Present lot illustrated (detail)


Picasso met Sylvette and her fiancé, Tobias Jellinek, an English furniture designer, in Vallauris. Jellinek had a workshop in the Quartier de Fournas, where Picasso also had a studio. He had noticed Sylvette walking past his window, and intrigued by her profile, invited the couple to his home, La Galloise. ‘It was amazing!’ Sylvette recalled of their first meeting with the artist. ‘He was lovely. He put us at ease right away… We sat under a lime tree, Toby and I’ (quoted in Sylvette, Sylvette, Sylvette: Picasso and the Model, exh. cat., Kunsthalle Bremen, 2014, pp. 118-119).




Sylvette David. Photograph by Andre Villers. Photo: © Adagp Images, Paris, / SCALA, Florence.


The couple gave Picasso one of Jellinek’s chairs as a gift. Constructed with an iron framework filled out by rope and felt, with two round balls at the end of the arms, the chair was so impractical for sitting that it delighted Picasso, reminding him of a group of paintings that he had made in the 1930s of Dora Maar seated in a similarly skeletal fauteuil. He subsequently ordered three more chairs from Sylvette and her fiancé – as a result of which, Françoise Gilot recalled, ‘La Galloise was bulging with chairs that were amusing to look at but took up a disproportionate amount of room in view of the fact that no one could sit in them with any pleasure’ (Life with Picasso, New York, 1964, p. 352).

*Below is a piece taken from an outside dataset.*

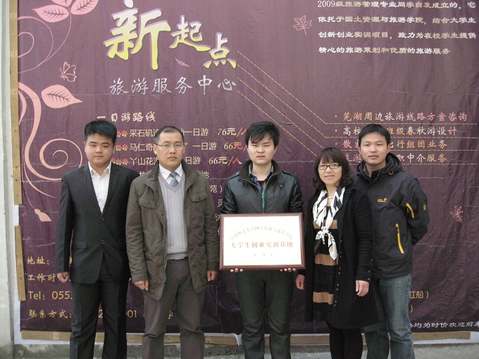 据悉,自开学伊始,学院团委即积极奔走,协调各方,拟为学院现有五大专业全力搭建创业实训孵化基地。“新起点”旅游服务中心的成功创立,标志着学院打响了全面推进毕业生就业工作的“发令抢”。该中心完全由我校旅游管理专业09级倪斌斌、11级谢京、12级赵凤涛等同学发起创立,为我市首家面向高校师生群体的旅行服务机构。

 According to Sylvette, some weeks after they had met, she began to model for Picasso. She recalled, ‘It was March, nice sunshine, and we drank and smoked, drank coffee, not alcohol, and smoked cigarettes, which I learned in England, terrible. So Picasso saw us there and came over the wall with this paper, or was it a little canvas, with a very simple image of a girl with a ponytail. We realised that it was me and off we went to see him. He opened the door and he was so happy… He embraced me; he was so happy to see me: “I want to paint you, paint Sylvette!”’ (quoted in exh. cat., op. cit., p. 119).

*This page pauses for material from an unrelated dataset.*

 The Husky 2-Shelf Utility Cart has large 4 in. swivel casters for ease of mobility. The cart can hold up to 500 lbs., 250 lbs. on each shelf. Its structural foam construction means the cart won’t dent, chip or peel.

Over the course of the following months, the artist completed an expansive series of oil paintings and drawings of the young blonde (Zervos vol. 16, nos. 274-294, 306-315). The works predominantly show Sylvette in full to three-quarter profile, highlighting her youthful silhouette. However, they employ an unusually wide stylistic range, from graceful naturalism to geometric abstraction. Most are painted, like the present work, in monochrome, as if Picasso found the forms and features of Sylvette so absorbing, he had no need for colour. 


Sylvette is one of the most abstract of the group. Here, Picasso has worked in a grisaille palette to convey the essential forms of the seated Sylvette. Her distinctive hair style, which highlights her long neck, and elegant poise are all conveyed with an impressive economy of means, as if Picasso was testing the limits of representation within the genre of portraiture. Her clasped hands, characteristic coat, which had been made by her fiancé, Jellenik, and the high back wicker chair provide a striking contrast to her visage.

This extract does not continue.